Disaster Movie: HBO Preps Film on Financial Collapse

Is it too soon?

With the economy still in the doldrums, HBO is hedging its bets that America is ready to watch the Wall Street machinations that wiped out trillions of dollars in market capitalization and led the country to a current 9.7% unemployment rate, according to ABC news.

The studio plans to make a television movie about the 2008 financial meltdown based on the book "Too Big To Fail: The Inside Story of How Wall Street and Washington Fought to Save the Financial System -- and Themselves." The tome, written by New York Times journalist Andrew Sorkin, focuses on figures like Richard Fuld (former chief executive of the now-bankrupt investment bank Lehman Brothers), John Mack (former CEO of Morgan Stanley), U.S. Treasury Secretary Timothy Geithner and his predecessor, Henry Paulson.

The film does not have an air date and no actors have yet been attached to play the central figures. HBO, which has a history of dramatizing recent events (think 2008's "Recount" about the 2000 U.S. Presidential elections), has long been on the hunt for the right narrative about the economic downfall.

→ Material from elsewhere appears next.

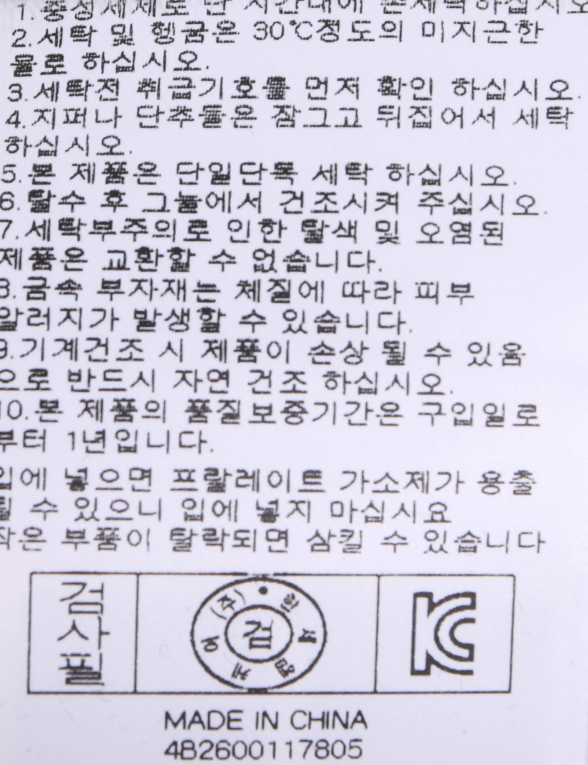 | 세탁방법 및 취급시 주의사항 | 본 제품은 손세탁 하십시오.(케어라벨참고) |

As long as they can pump some life into this drama off the spreadsheet, we're ready to applaud the ambition shown. If every unemployed American watches, we have a monster hit.

Clearly, there is some thirst for catharsis, at least in Hollywood. "Oliver Stone's Wall Street 2: Money Never Sleeps," the sequel to his 1987 critique of New York's money men, will hit theaters this spring.